Work required: Pictures stay out of the output. Return exactly the lines below from the one with "Para las haditas" down to the one with "우선 피부에 붉은 반점이", both included, and nothing more.

Input data:
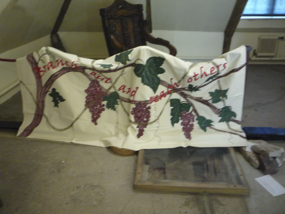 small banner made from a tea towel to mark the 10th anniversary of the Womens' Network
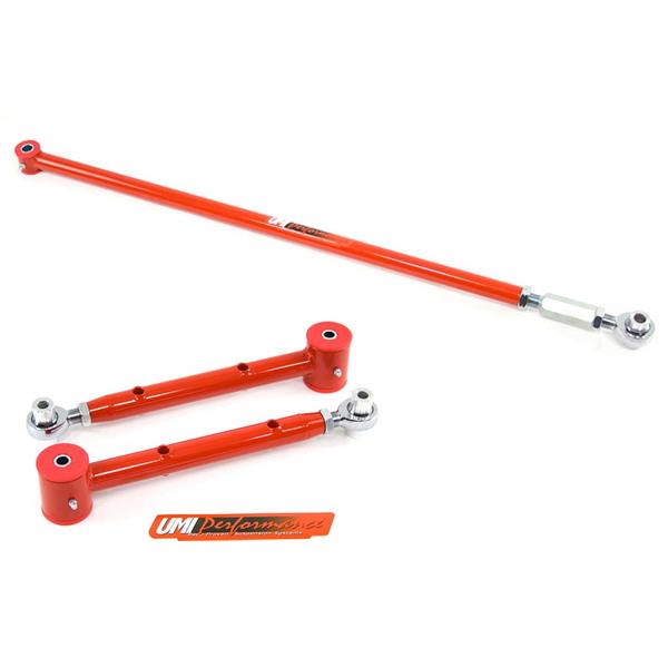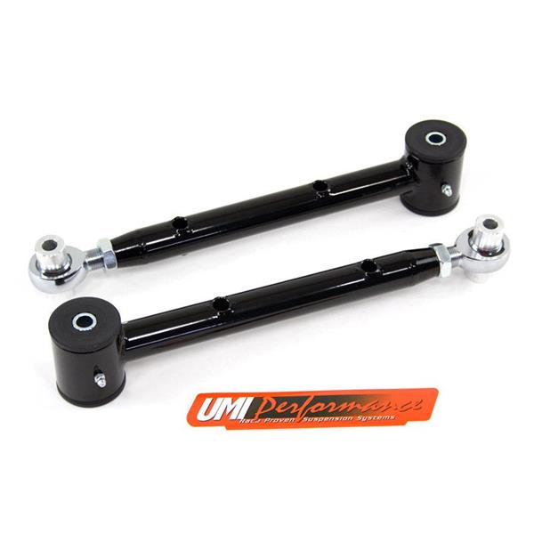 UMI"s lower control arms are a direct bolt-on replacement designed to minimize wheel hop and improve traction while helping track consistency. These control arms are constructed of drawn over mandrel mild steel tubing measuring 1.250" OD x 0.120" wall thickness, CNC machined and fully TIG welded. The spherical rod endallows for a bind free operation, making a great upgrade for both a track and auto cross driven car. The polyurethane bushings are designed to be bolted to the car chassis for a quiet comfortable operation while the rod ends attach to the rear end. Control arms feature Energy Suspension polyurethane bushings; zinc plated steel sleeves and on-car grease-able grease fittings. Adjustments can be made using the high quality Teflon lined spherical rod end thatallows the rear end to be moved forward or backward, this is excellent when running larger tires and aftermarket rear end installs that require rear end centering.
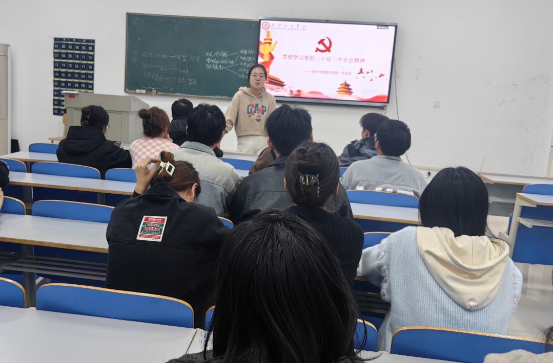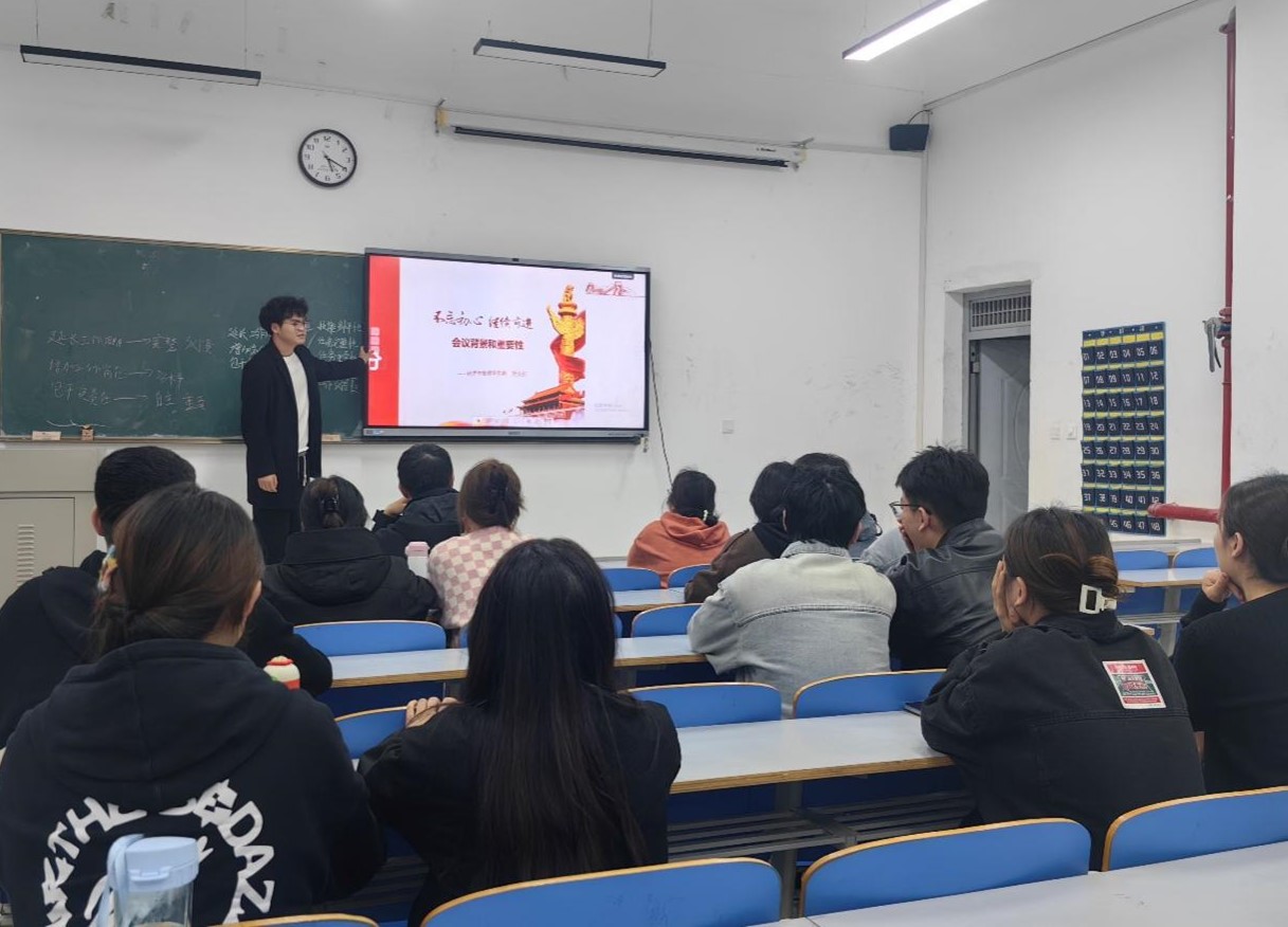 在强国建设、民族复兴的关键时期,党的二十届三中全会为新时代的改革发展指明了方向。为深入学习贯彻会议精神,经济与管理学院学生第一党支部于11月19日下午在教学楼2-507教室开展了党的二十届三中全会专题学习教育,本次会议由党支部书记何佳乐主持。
* * *
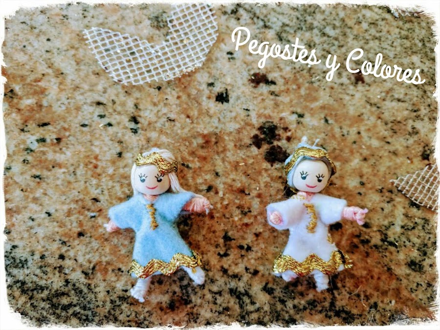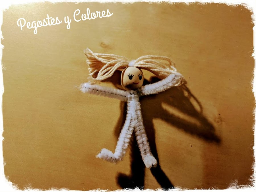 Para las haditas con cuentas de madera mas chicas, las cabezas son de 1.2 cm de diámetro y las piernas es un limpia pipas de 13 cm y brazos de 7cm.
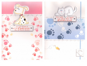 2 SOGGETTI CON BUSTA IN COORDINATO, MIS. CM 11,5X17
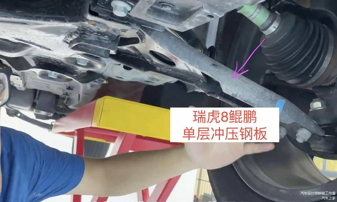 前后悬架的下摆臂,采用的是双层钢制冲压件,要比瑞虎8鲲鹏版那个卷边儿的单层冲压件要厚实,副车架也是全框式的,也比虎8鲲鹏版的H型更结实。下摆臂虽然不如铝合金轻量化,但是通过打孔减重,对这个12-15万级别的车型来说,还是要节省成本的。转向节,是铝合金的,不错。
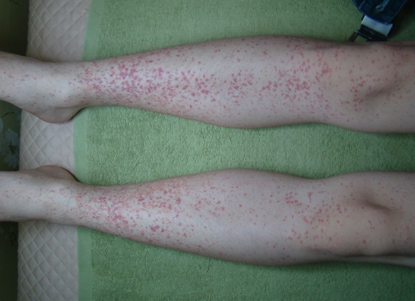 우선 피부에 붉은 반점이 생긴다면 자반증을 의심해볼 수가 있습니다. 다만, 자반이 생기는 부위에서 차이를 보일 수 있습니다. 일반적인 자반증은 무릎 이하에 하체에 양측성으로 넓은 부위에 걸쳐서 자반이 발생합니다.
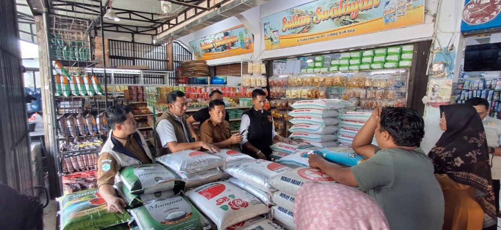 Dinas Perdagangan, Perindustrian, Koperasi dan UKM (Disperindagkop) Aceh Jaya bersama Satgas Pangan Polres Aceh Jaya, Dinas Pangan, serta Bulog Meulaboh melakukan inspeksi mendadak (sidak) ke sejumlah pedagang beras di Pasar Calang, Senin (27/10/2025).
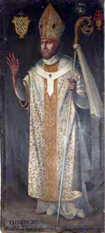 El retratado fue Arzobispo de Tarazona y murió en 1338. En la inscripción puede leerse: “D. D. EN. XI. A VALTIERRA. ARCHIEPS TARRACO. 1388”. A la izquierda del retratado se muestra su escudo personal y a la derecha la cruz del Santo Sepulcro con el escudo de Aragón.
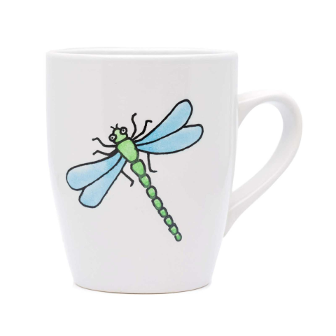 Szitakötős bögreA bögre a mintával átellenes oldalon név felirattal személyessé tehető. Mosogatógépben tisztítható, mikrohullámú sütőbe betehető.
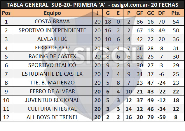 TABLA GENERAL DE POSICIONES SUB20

Solution for this problem:
 Para las haditas con cuentas de madera mas chicas, las cabezas son de 1.2 cm de diámetro y las piernas es un limpia pipas de 13 cm y brazos de 7cm.
 2 SOGGETTI CON BUSTA IN COORDINATO, MIS. CM 11,5X17
 前后悬架的下摆臂,采用的是双层钢制冲压件,要比瑞虎8鲲鹏版那个卷边儿的单层冲压件要厚实,副车架也是全框式的,也比虎8鲲鹏版的H型更结实。下摆臂虽然不如铝合金轻量化,但是通过打孔减重,对这个12-15万级别的车型来说,还是要节省成本的。转向节,是铝合金的,不错。
 우선 피부에 붉은 반점이 생긴다면 자반증을 의심해볼 수가 있습니다. 다만, 자반이 생기는 부위에서 차이를 보일 수 있습니다. 일반적인 자반증은 무릎 이하에 하체에 양측성으로 넓은 부위에 걸쳐서 자반이 발생합니다.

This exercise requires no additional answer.